Sydney School of Public Health, University of Sydney, Camperdown, New South Wales, Australia.
Wesfarmers Centre of Vaccines and Infectious Diseases, Telethon Kids Institute, University of Western Australia, Nedlands, Western Australia, Australia.

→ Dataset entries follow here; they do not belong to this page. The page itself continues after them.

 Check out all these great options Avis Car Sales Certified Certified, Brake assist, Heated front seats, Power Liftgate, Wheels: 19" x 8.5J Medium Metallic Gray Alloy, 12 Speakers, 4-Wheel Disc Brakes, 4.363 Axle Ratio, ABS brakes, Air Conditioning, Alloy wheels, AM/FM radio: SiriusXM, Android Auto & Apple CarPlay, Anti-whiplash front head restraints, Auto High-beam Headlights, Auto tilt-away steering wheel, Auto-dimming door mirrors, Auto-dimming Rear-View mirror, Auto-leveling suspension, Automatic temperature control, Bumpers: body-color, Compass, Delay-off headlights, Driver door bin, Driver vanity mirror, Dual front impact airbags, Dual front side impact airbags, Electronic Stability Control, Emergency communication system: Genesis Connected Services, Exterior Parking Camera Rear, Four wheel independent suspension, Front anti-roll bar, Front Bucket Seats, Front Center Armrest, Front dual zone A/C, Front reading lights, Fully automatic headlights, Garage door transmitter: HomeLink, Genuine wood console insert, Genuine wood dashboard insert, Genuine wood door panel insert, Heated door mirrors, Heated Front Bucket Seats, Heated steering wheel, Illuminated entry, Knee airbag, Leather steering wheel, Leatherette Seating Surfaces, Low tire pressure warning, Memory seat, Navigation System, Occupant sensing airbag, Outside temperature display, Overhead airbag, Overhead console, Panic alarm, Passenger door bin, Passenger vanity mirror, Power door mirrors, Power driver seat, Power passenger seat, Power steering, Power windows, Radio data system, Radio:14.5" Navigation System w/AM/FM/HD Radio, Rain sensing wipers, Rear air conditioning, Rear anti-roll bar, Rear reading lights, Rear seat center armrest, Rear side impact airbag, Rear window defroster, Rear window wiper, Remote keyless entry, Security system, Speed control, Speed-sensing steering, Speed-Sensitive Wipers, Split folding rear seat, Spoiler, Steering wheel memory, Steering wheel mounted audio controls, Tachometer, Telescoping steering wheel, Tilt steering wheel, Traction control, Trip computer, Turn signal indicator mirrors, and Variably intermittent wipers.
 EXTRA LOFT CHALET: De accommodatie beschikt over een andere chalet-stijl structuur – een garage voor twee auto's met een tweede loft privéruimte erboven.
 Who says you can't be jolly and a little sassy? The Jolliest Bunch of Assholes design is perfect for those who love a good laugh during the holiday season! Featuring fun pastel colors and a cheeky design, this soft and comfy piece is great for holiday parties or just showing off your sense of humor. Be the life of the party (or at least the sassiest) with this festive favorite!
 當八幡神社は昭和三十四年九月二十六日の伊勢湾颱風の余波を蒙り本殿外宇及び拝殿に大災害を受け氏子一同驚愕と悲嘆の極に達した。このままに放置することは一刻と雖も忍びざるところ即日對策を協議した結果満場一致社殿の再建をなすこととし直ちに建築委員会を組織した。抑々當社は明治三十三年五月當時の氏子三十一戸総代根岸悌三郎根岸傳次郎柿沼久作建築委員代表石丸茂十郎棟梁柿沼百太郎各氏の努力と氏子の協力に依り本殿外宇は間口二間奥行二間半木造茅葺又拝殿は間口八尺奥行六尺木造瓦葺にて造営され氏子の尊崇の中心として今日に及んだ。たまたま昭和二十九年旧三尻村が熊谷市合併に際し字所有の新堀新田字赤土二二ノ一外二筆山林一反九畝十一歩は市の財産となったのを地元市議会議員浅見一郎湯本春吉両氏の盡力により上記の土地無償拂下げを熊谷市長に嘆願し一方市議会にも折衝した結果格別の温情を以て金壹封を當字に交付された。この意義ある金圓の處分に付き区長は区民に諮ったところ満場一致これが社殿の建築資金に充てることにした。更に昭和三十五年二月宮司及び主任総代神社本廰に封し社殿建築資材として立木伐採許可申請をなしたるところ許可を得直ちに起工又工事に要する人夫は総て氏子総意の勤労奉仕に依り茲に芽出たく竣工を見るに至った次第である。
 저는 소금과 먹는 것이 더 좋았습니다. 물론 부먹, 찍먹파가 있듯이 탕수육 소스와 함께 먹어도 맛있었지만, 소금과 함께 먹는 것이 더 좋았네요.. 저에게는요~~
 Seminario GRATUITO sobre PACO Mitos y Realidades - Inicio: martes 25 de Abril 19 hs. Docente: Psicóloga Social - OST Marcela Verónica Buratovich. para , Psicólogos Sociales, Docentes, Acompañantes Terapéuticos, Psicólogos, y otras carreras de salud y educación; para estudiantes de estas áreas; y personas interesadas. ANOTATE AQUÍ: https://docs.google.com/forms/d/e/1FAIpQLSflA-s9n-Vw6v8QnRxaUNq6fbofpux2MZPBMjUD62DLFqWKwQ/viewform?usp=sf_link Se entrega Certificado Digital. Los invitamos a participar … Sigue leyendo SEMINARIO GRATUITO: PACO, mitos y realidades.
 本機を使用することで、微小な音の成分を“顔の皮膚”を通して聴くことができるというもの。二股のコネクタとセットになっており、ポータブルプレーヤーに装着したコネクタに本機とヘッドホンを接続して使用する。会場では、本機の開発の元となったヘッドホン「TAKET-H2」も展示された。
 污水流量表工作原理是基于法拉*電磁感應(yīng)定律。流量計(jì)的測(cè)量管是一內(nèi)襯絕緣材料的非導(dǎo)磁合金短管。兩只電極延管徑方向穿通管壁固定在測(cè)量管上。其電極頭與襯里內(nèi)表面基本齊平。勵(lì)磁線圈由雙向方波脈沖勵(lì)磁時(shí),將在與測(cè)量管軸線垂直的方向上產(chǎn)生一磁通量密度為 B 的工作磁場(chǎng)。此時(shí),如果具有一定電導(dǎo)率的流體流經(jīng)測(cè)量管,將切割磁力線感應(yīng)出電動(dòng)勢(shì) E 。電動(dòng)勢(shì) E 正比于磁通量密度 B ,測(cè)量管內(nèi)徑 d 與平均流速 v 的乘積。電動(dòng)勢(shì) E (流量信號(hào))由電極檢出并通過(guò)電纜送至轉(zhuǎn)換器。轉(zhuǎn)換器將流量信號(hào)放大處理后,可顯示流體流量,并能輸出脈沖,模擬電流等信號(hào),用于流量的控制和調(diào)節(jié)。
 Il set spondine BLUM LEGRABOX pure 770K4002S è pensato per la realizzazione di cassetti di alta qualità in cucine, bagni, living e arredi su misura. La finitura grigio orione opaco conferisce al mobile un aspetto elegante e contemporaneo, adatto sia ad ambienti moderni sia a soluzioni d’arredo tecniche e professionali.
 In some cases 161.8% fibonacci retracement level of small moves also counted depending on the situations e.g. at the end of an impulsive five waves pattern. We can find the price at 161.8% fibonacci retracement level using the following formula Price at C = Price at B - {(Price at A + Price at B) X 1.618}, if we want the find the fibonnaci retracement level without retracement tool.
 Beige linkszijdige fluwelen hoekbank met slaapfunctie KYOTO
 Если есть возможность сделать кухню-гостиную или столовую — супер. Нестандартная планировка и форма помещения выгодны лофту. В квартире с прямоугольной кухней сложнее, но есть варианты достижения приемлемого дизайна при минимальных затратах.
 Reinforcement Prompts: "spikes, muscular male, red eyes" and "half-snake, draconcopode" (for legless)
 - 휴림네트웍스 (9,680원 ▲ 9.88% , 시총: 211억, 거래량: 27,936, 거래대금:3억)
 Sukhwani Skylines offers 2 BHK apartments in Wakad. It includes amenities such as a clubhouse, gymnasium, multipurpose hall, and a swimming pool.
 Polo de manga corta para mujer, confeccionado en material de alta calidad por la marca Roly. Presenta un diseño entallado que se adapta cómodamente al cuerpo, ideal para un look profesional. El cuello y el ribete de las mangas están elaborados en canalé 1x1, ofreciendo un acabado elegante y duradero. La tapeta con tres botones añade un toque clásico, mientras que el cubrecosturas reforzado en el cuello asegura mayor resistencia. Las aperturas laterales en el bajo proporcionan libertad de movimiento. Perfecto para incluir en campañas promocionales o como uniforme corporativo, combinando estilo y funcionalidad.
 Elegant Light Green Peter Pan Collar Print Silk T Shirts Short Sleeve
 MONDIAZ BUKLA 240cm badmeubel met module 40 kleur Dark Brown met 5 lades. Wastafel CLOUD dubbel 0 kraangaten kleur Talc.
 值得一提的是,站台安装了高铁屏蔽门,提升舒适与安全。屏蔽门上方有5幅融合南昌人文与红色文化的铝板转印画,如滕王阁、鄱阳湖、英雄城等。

PLoS Comput Biol. 2023 Mar 13;19(3):e1010967. doi: 10.1371/journal.pcbi.1010967. eCollection 2023 Mar.
Pneumonia remains a leading cause of hospitalization and death among young children worldwide, and the diagnostic challenge of differentiating bacterial from non-bacterial pneumonia is the main driver of antibiotic use for treating pneumonia in children. Causal Bayesian networks (BNs) serve as powerful tools for this problem as they provide clear maps of probabilistic relationships between variables and produce results in an explainable way by incorporating both domain expert knowledge and numerical data.
We used domain expert knowledge and data in combination and iteratively, to construct, parameterise and validate a causal BN to predict causative pathogens for childhood pneumonia. Expert knowledge elicitation occurred through a series of group workshops, surveys and one-on-one meetings involving 6-8 experts from diverse domain areas. The model performance was evaluated based on both quantitative metrics and qualitative expert validation. Sensitivity analyses were conducted to investigate how the target output is influenced by varying key assumptions of a particularly high degree of uncertainty around data or domain expert knowledge.
Designed to apply to a cohort of children with X-ray confirmed pneumonia who presented to a tertiary paediatric hospital in Australia, the resulting BN offers explainable and quantitative predictions on a range of variables of interest, including the diagnosis of bacterial pneumonia, detection of respiratory pathogens in the nasopharynx, and the clinical phenotype of a pneumonia episode. Satisfactory numeric performance has been achieved including an area under the receiver operating characteristic curve of 0.8 in predicting clinically-confirmed bacterial pneumonia with sensitivity 88% and specificity 66% given certain input scenarios (i.e., information that is available and entered into the model) and trade-off preferences (i.e., relative weightings of the consequences of false positive versus false negative predictions). We specifically highlight that a desirable model output threshold for practical use is very dependent upon different input scenarios and trade-off preferences. Three commonly encountered scenarios were presented to demonstrate the potential usefulness of the BN outputs in various clinical pictures.
To our knowledge, this is the first causal model developed to help determine the causative pathogen for paediatric pneumonia. We have shown how the method works and how it would help decision making on the use of antibiotics, providing insight into how computational model predictions may be translated to actionable decisions in practice. We discussed key next steps including external validation, adaptation and implementation. Our model framework and the methodological approach can be adapted beyond our context to broad respiratory infections and geographical and healthcare settings.
肺炎仍然是全球导致儿童住院和死亡的主要原因,区分细菌性和非细菌性肺炎的诊断挑战是导致儿童肺炎抗生素治疗的主要驱动因素。因果贝叶斯网络(BNs)作为一种强大的工具,可提供变量之间概率关系的清晰图谱,并通过结合领域专家知识和数值数据以可解释的方式生成结果。
我们使用领域专家知识和数据相结合,并通过迭代,构建、参数化和验证因果 BN 来预测儿童肺炎的病原体。通过一系列小组研讨会、调查和一对一会议,邀请来自不同领域的 6-8 位专家来进行专家知识的启发式挖掘。通过定量指标和定性专家验证来评估模型性能。进行敏感性分析以研究在数据或领域专家知识存在高度不确定性的关键假设发生变化时,目标输出如何受到影响。
该 BN 旨在适用于在澳大利亚一家三级儿科医院就诊的经 X 光确诊为肺炎的患儿队列,该 BN 提供了一系列感兴趣变量的可解释和定量预测,包括细菌性肺炎的诊断、鼻咽部呼吸道病原体的检测以及肺炎发作的临床表型。已经取得了令人满意的数值性能,包括在预测临床确诊的细菌性肺炎时,接收者操作特征曲线下面积为 0.8,在某些输入场景(即可获得并输入模型的信息)和权衡偏好(即假阳性与假阴性预测后果的相对权重)下,灵敏度为 88%,特异性为 66%。我们特别强调,实用模型输出阈值非常依赖于不同的输入场景和权衡偏好。我们展示了三个常见的场景,以展示 BN 输出在各种临床情况下的潜在用途。
据我们所知,这是第一个旨在帮助确定儿童肺炎病原体的因果模型。我们展示了该方法的工作原理,以及它如何帮助决策抗生素的使用,深入了解计算模型预测如何在实践中转化为可操作的决策。我们讨论了关键的下一步,包括外部验证、适应和实施。我们的模型框架和方法可以在我们的背景之外扩展到广泛的呼吸道感染和地理及医疗保健环境。